The HVR is a complex interplay of excitatory and inhibitory components in the temporal domain (32). The complexity of the HVR is further accentuated by the inherent plasticity of the neural substrates that underlie the neuronal discharge pattern characteristics of respiratory regions mediating HVR. Thus conditions such as obstructive sleep apnea, chronic lung disease, or apnea of prematurity, characteristically associated with intermittent hypoxic episodes, may not only impose immediate effects on HVR but may also modify both short-term and long-term characteristics of subsequent responses to similar hypoxic challenges.
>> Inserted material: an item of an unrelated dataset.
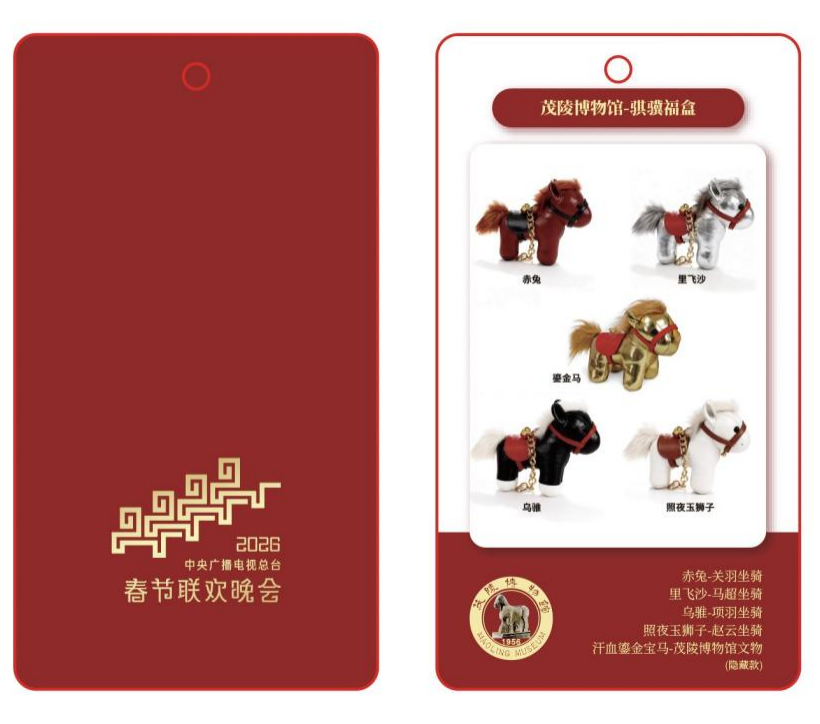 同步推出的马年挂饰盲盒——“骐骥福盒”则以“马”为核心文化意象,深度融合文博资源与春晚IP,系统梳理中国名马文化谱系:从楚汉争霸中的“里飞沙”,到三国传奇里的“赤兔马”,也将茂陵博物馆“镇馆之宝”作为隐藏款融入其中。这些承载忠义、勇毅精神的历史符号,在现代设计语言的诠释下焕发新生,构建起一条从神话传说到文物实证、从精神象征到生活美学的完整文化叙事链。

Such intermittent hypoxic events may also affect other neural regions and change their normal development to induce long-lasting functional and structural changes.

The clinical implications of an adequate HVR are immediately apparent. Apnea and hypoxia are very common problems in infants and children as well as in adults and often result in prolonged hospitalization. Delayed or abnormal development of defense mechanisms within critical brain structures underlying HVR could therefore lead to significant morbidity and mortality, underscoring the importance of understanding maturation of brain stem mechanisms from an organismal to molecular perspective (8).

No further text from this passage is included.